- _Data provided_

■ ■ ■ ■

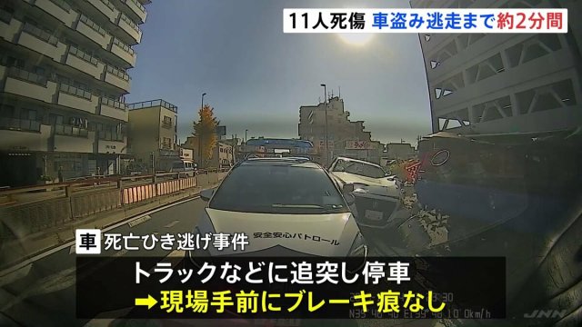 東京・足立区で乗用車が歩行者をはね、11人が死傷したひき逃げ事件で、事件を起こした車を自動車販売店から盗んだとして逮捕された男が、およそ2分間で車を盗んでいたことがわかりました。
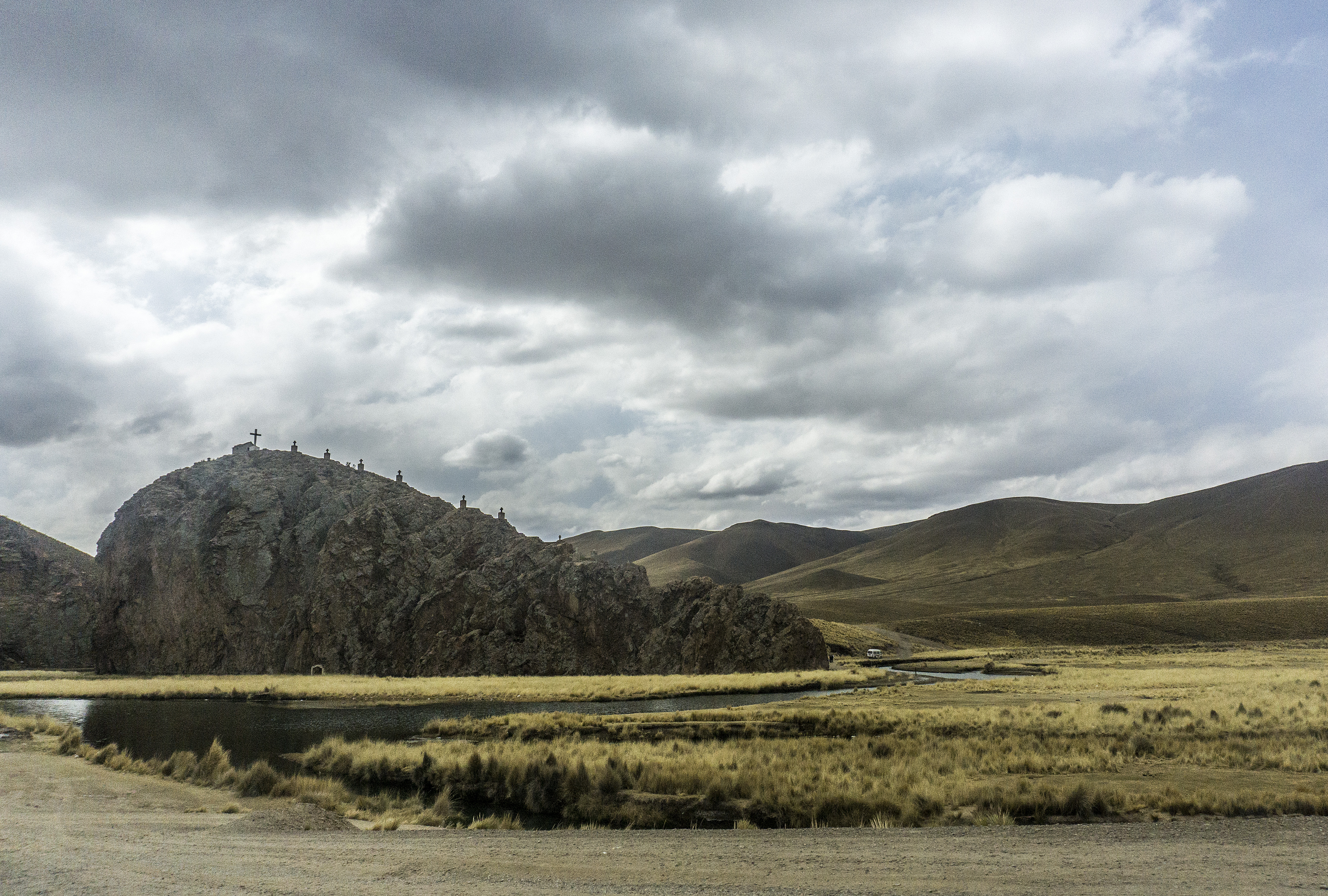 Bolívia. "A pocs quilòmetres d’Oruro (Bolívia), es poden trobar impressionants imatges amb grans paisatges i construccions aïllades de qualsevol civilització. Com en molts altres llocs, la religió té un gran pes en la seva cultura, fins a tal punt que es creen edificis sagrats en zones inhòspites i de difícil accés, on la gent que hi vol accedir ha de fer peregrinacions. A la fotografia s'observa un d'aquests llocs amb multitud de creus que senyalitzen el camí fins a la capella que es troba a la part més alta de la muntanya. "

■ ■ ■ ■

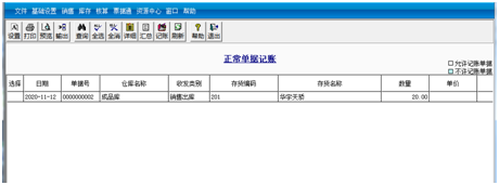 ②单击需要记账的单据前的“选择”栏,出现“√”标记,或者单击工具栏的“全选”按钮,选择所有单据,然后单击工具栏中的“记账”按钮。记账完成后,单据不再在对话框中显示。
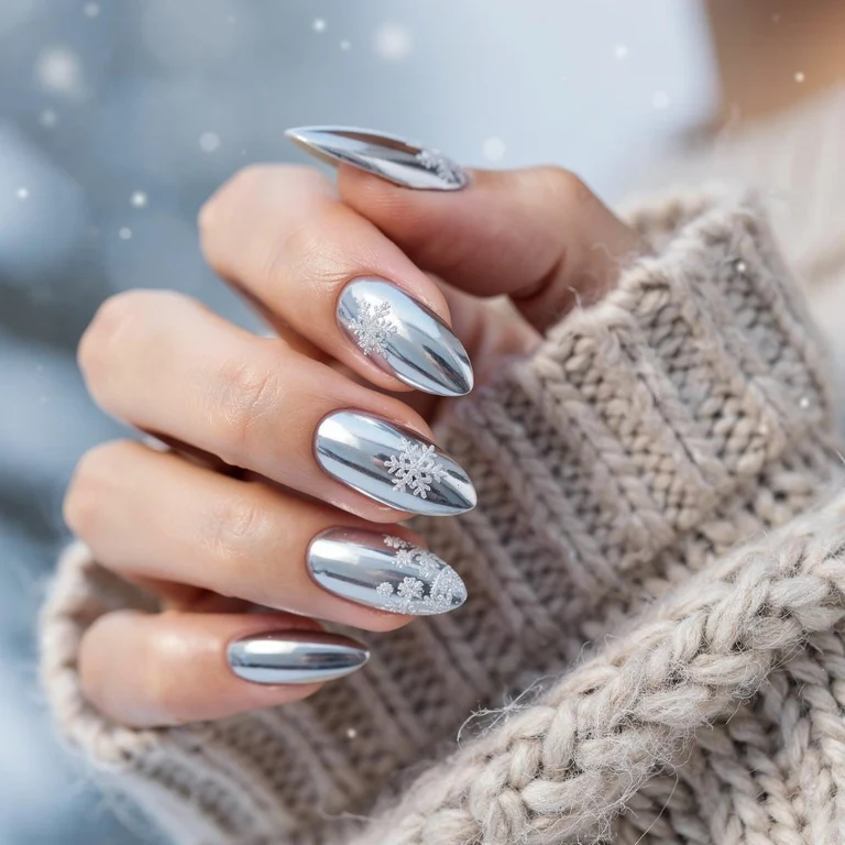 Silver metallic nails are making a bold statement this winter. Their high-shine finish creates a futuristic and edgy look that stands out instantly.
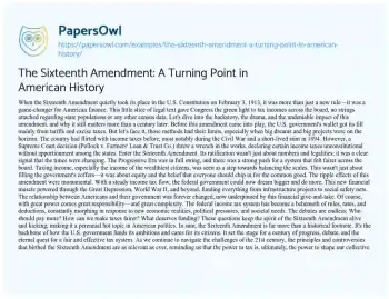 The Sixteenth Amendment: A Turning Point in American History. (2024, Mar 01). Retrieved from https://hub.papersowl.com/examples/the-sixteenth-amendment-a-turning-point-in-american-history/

■ ■ ■ ■

- _Task_
Line for line, output the entries above from the line with "Silver metallic nails" to the line with "The Sixteenth Amendment: A", both included, and nothing more. Skip pictures.

- _Reply_
 Silver metallic nails are making a bold statement this winter. Their high-shine finish creates a futuristic and edgy look that stands out instantly.
 The Sixteenth Amendment: A Turning Point in American History. (2024, Mar 01). Retrieved from https://hub.papersowl.com/examples/the-sixteenth-amendment-a-turning-point-in-american-history/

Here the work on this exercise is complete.